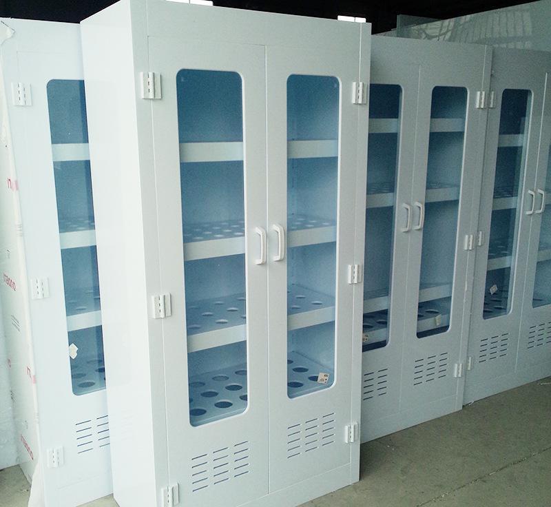具有耐強酸、強堿與抗腐蝕的特性。 雙開門(內(nèi)置四塊層板,板面開孔Φ20、Φ30、Φ40、Φ50)無結構固定板,含5mm鋼化玻
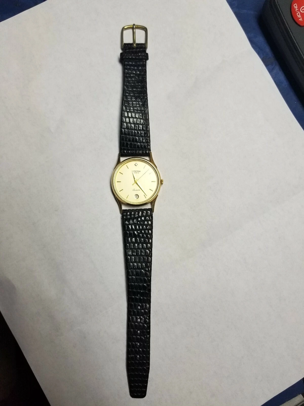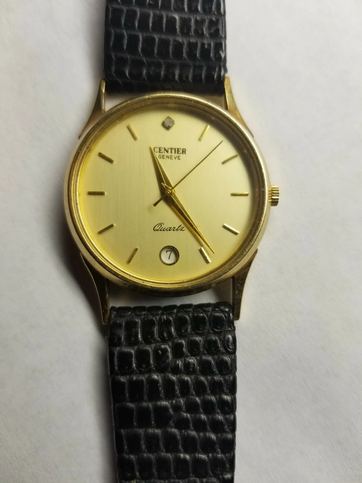 Centier Geneva Quartz man's watch 14K yellow gold Date saphire crystal
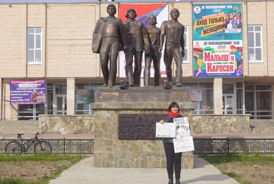 Депутат Народного Хурала Оксана Бухольцева, уволенная с поста директора школы №11 в Северобайкальске, устроила очередной одиночный пикет. Акцию протеста она провела в родном городе в день учителя, 5 октября.
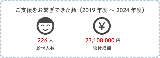 一方、目標を超える寄附をいただいた際は、翌年度以降の「入学応援給付金」として積み立て、継続的な進学支援へとつなげていきます。
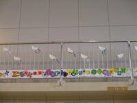 体育館には、1年生から5年生までの絵、カルタなどの作品が飾られています。体育館の壁面はとても華やかなになりました。当日は、紅白幕、生花、プランターの花道に飾られて、6年生の門出に相応しい式場となることでしょう。明日は5年生が、3,4校時に体育館の大清掃、そして卒業式の準備をしてくれます。
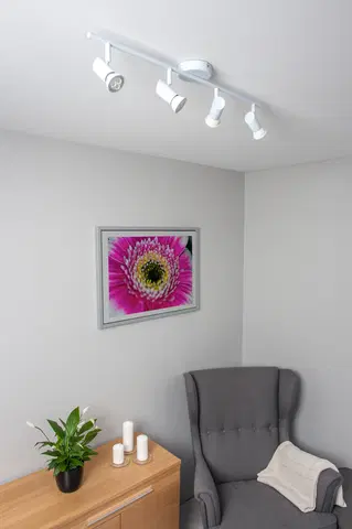 Taklampen har fire lyskilder med GU10-sokler, som gir et godt og jevnt lys. Lysintensiteten kan reguleres med en dimmer, noe som lar deg skape stemningen du ønsker, fra konsentrert arbeidsbelysning til en mer avslappet atmosfære. Hodene er konstruert i metall og kan enkelt justeres slik at lyset treffer akkurat der du trenger det.
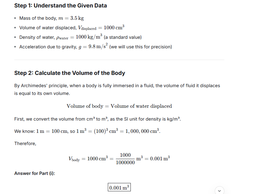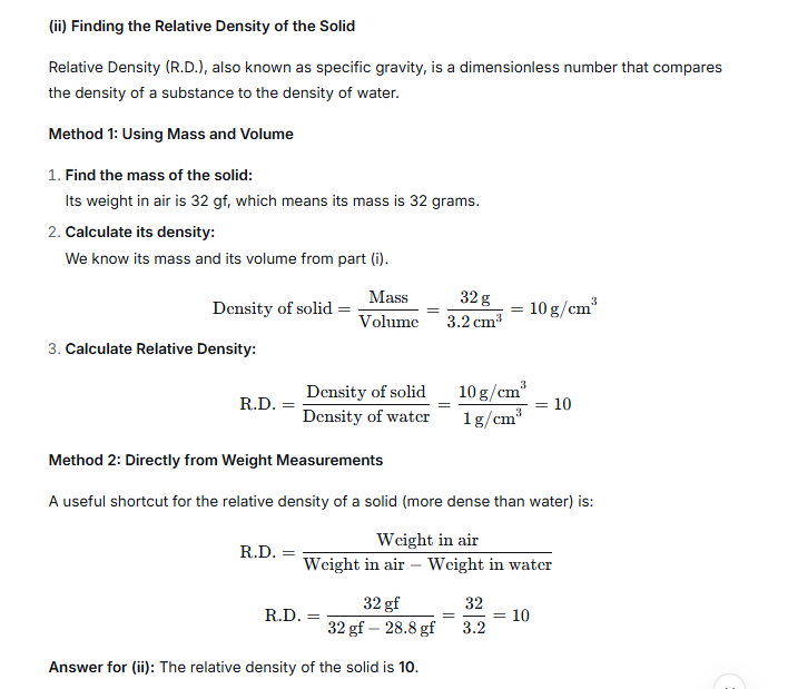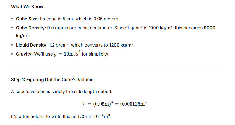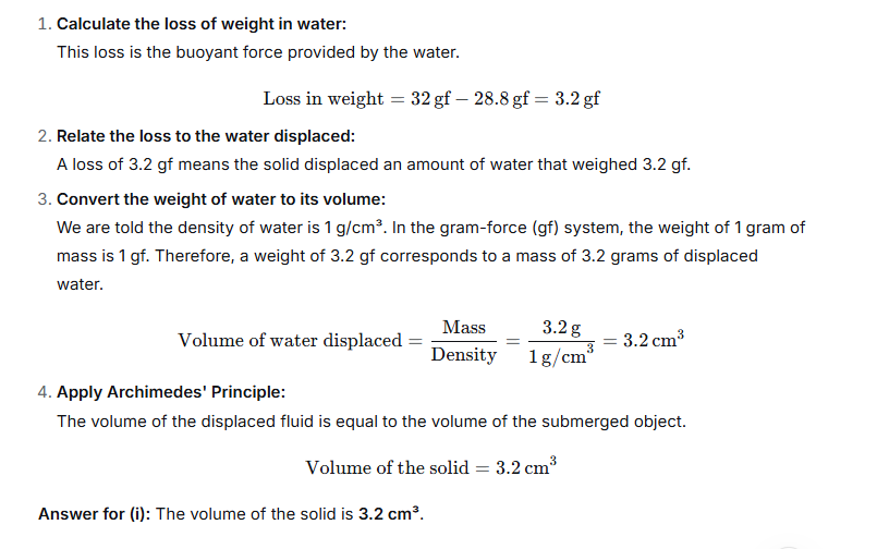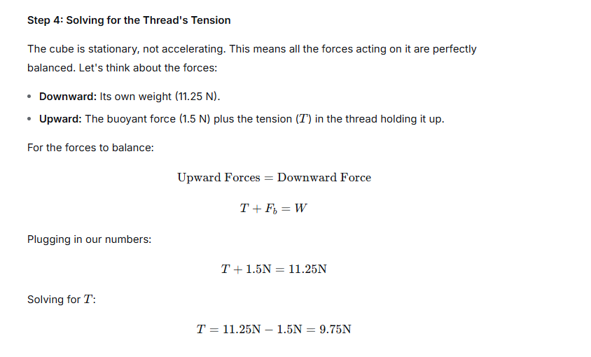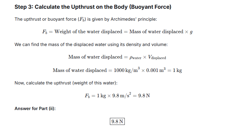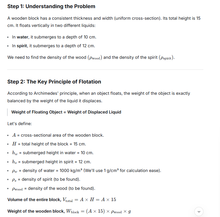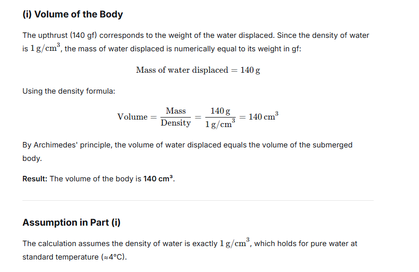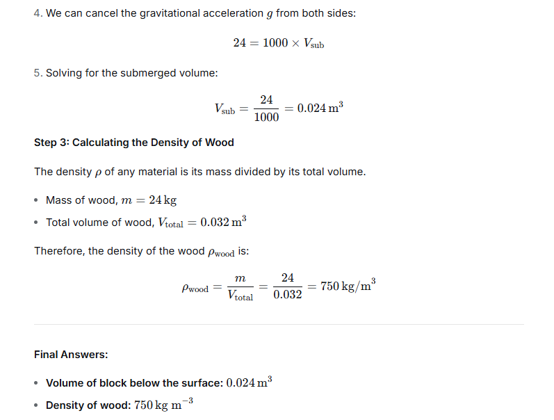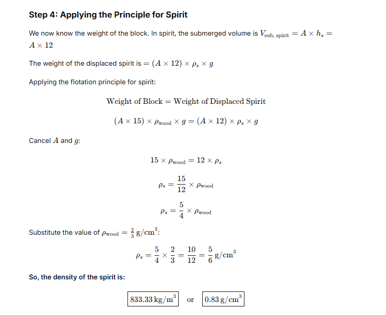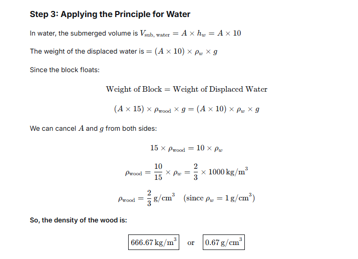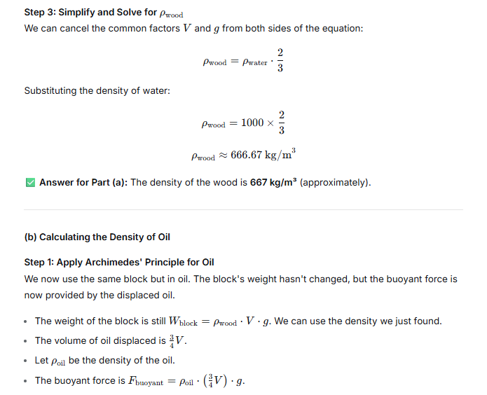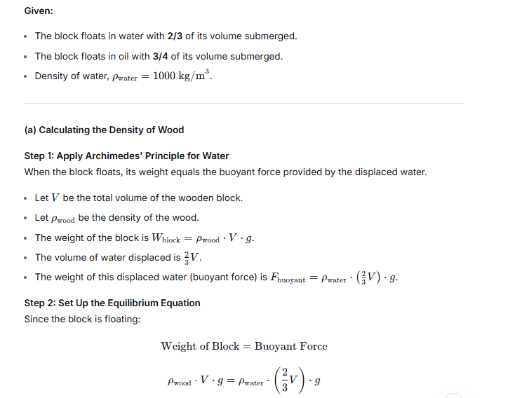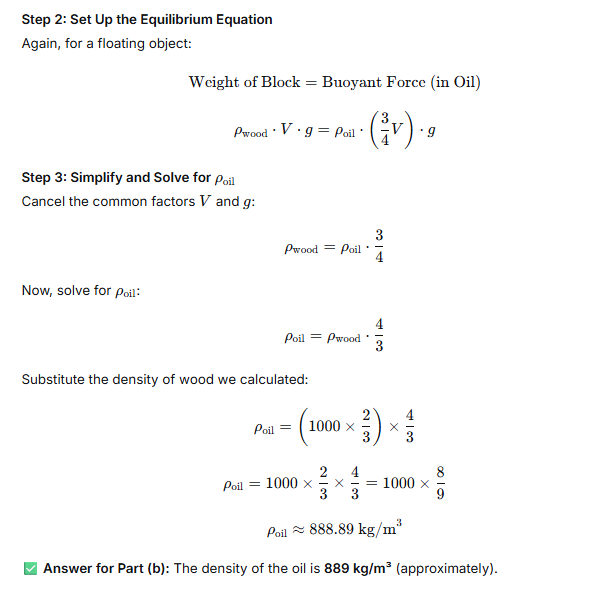 (b) When the same block is placed in oil, three-quarters of its volume is immersed in oil. Calculate the density of oil.
-*-
With the pictures omitted, copy the entries above exactly from the line containing "一方、目標を超える寄附をいた" through the line containing "Taklampen har fire", both lines included.

 一方、目標を超える寄附をいただいた際は、翌年度以降の「入学応援給付金」として積み立て、継続的な進学支援へとつなげていきます。
 体育館には、1年生から5年生までの絵、カルタなどの作品が飾られています。体育館の壁面はとても華やかなになりました。当日は、紅白幕、生花、プランターの花道に飾られて、6年生の門出に相応しい式場となることでしょう。明日は5年生が、3,4校時に体育館の大清掃、そして卒業式の準備をしてくれます。
 Taklampen har fire lyskilder med GU10-sokler, som gir et godt og jevnt lys. Lysintensiteten kan reguleres med en dimmer, noe som lar deg skape stemningen du ønsker, fra konsentrert arbeidsbelysning til en mer avslappet atmosfære. Hodene er konstruert i metall og kan enkelt justeres slik at lyset treffer akkurat der du trenger det.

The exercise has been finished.